Burra is an Australian locality of rural smallholdings lying 20 kilometres to the south of Queanbeyan, New South Wales in the Queanbeyan-Palerang Region. At the , Burra had a population of 790 people.

==History==
The Ngarigo people originally inhabited Burra as part of their wider country lands extending south to the Australian Alps. The first European camp was called 'The Creek' although it soon became known amongst the early settlers as "The Burra", possibly from a local aboriginal word (for instance, the Ngarigo word "berra", meaning boomerang). The first grazing and clearing of the area began in the 1830-60s and farms in the Burra Valley were established at the Warm Corner, KT Park, Burra Station (the original 'creek' station), London Bridge and Lagoon. By the 1920s the local population had become large enough to support two competing cricket clubs, one at the Burra park, the other near Urila. Subdivision into smaller blocks began in the 1960s as Canberra's population expanded and has created the local regions such as those surrounding Candy Road, Badgery Road and Plummers Road. Today the majority of the area has been subdivided in this way.

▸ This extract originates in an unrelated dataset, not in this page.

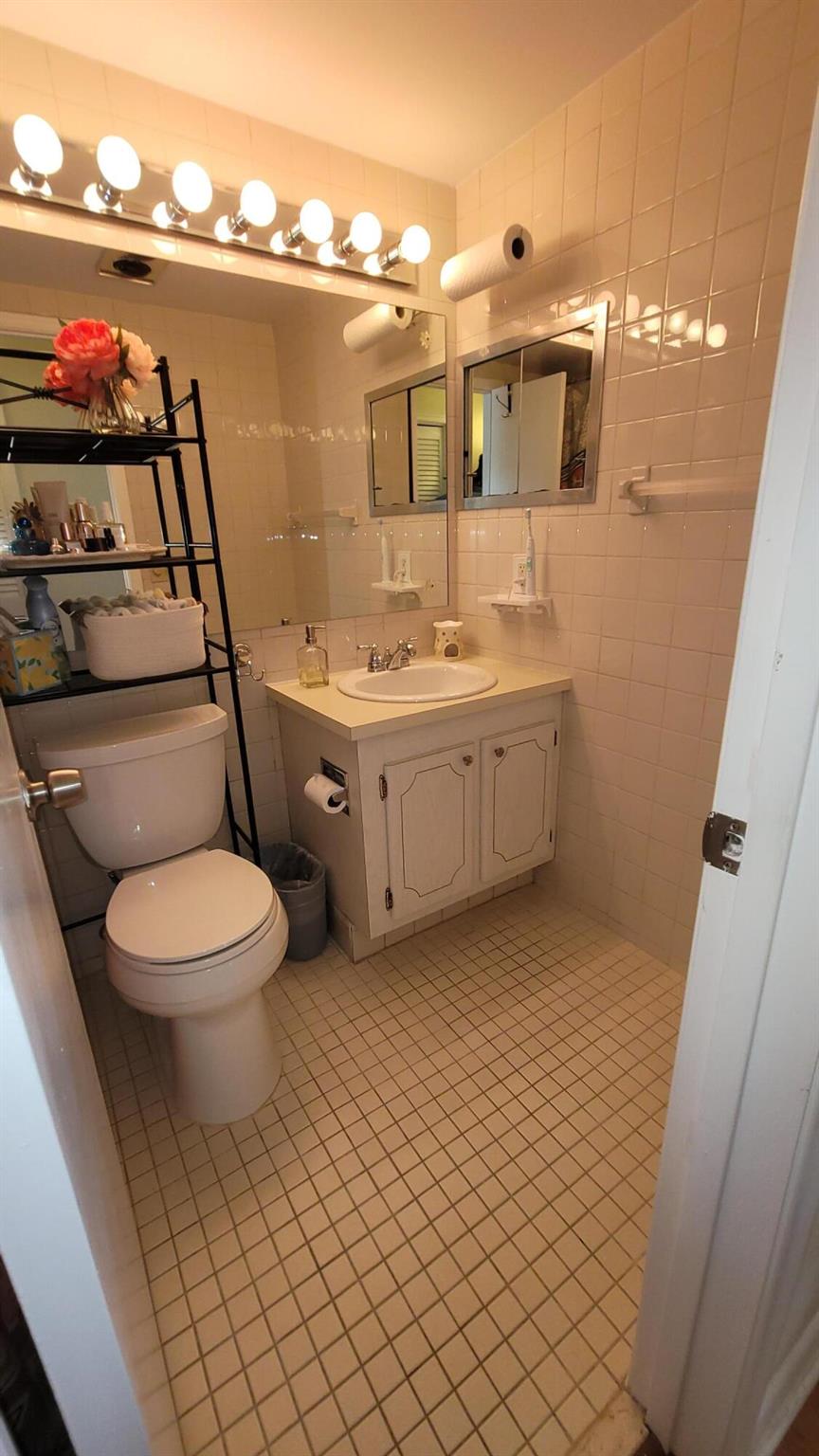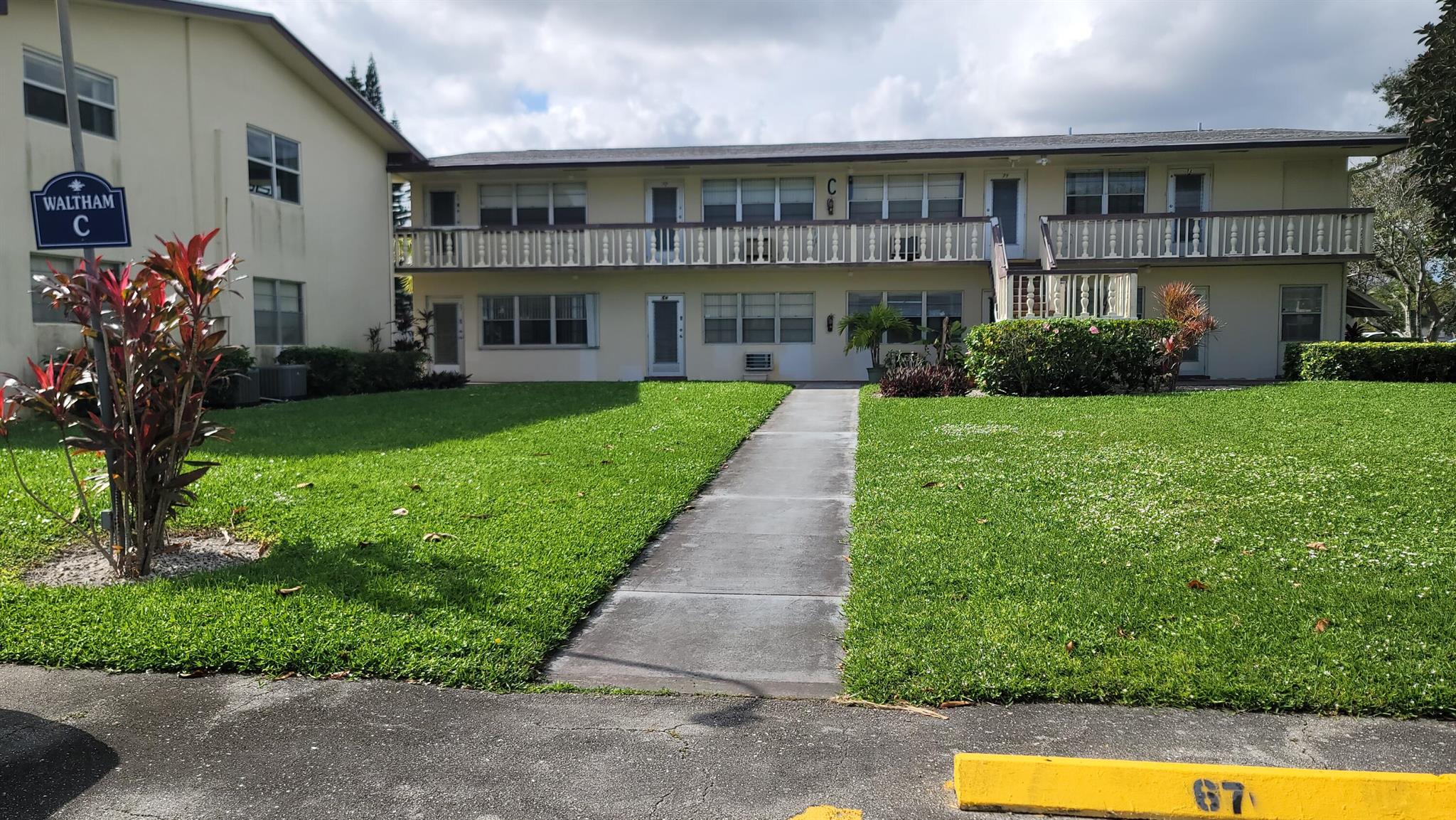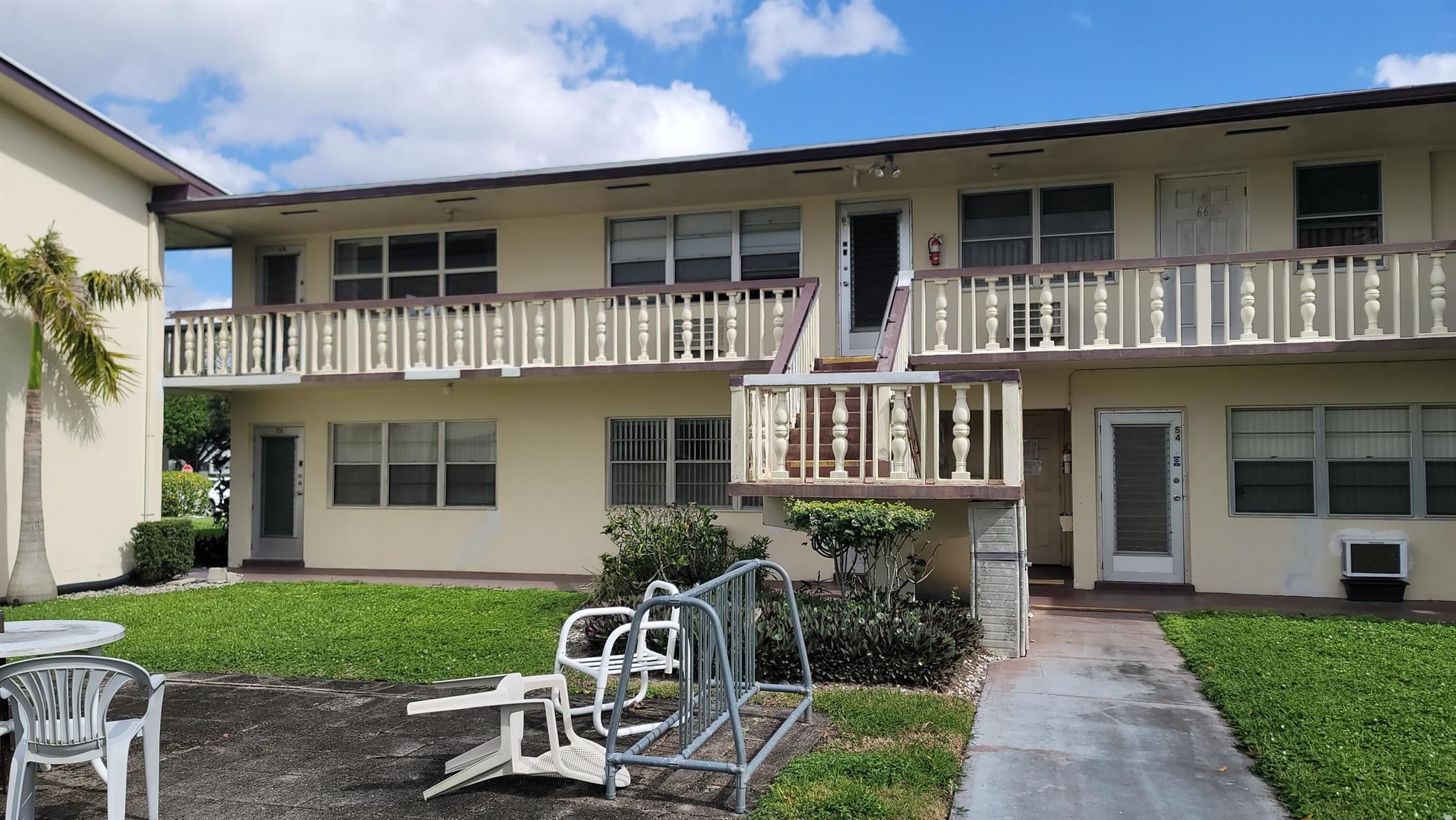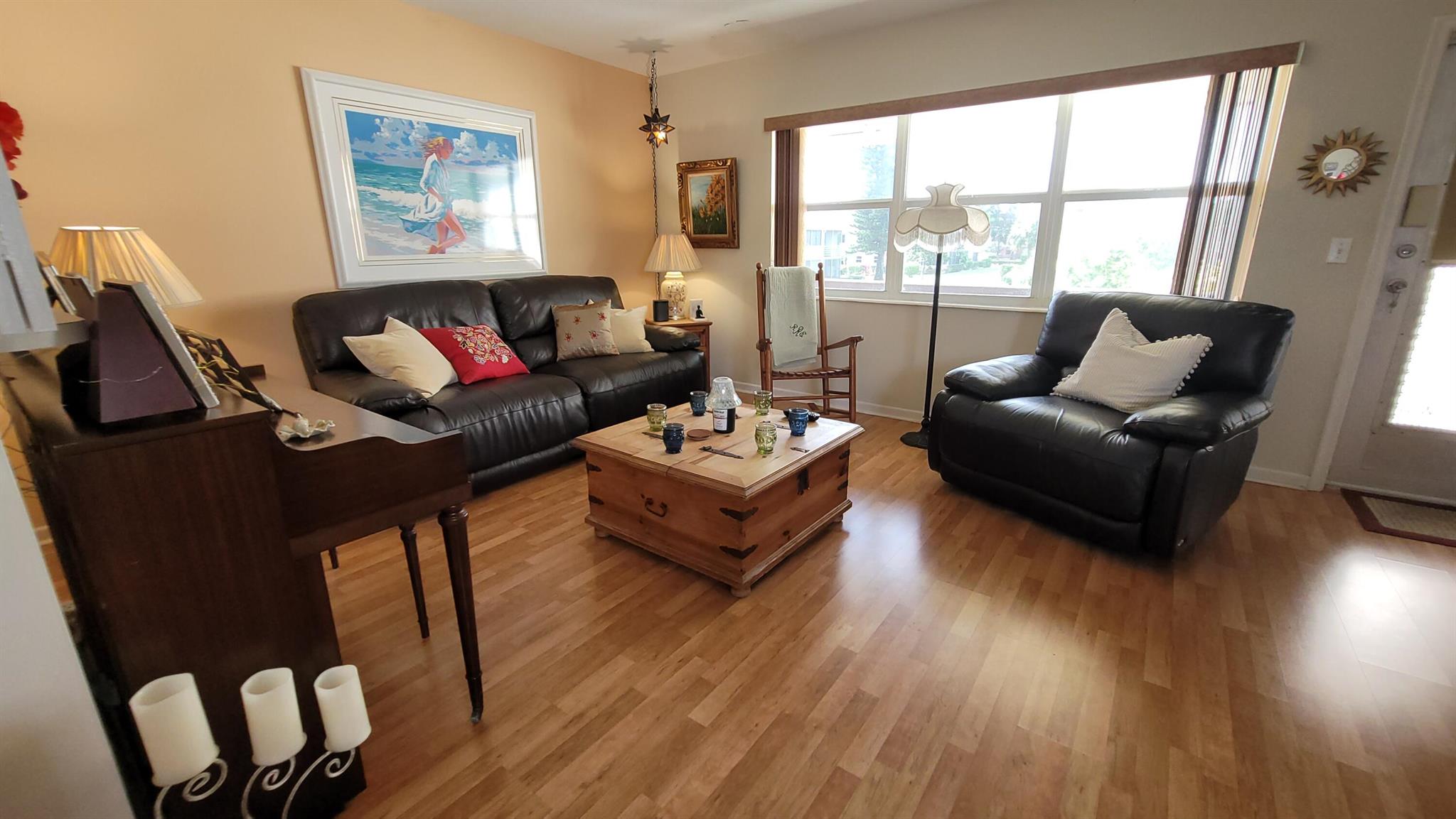 Welcome to the paradise of South Florida, resort-style social living at its absolute best. Enjoy wonderful garden views from this beautiful, fully furnished, one bedroom, one and one-half bath condo located in sunny West Palm Beach Florida and experience the distinct Century Village ''way of life'' with luxurious recreational facilities and abundant social activities. Very private inside corner or end unit. Fully furnished on the second floor of a very well run and friendly Association. Wood laminate floors throughout living areas and tile in kitchen, dining room and bathrooms. The kitchen features wood cabinets and quartz backsplash and countertop, with newer appliances. Impact windows front and sides, accordion shutters on bedroom slider. Piano does not convey.

Burra lies at the northern tip of the Monaro tablelands, and shares with it some of the cooler climate of that region. Temperatures are on average two or three degrees Celsius below those in Canberra and Queanbeyan. Light falls of snow are not uncommon in the winter months.

===Heritage listings===
Burra includes a number of heritage-listed sites, including:
- London Bridge Road: Googong Foreshores

==Geography==
Part of the Burra valley has always been treeless. Elsewhere remnants of uncleared open woodland of snow gum, candlebark, yellow box, apple box and small leaved peppermint remain. Black sally and manna gum are found in the cooler gullies and frost hollows. The wooded hills to the east are rocky and dry, sporting primarily small leafed peppermint, brittle gum and scribbly gum. This area has never been heavily grazed and is in its original natural condition, in 2001 a part of it was protected by the creation of the Burra Creek Nature Reserve. The steeper slopes of the hills to the west of the Burra Valley, including Mount Campbell and Gibraltar Peak (and known by some Burrans as the "Purple Veil" range due to their shaded afternoon colour) are patchily covered by a forest type similar to the wet sclerophyll that occurs further to the west on the Mount Clear Range and in Namadgi National Park.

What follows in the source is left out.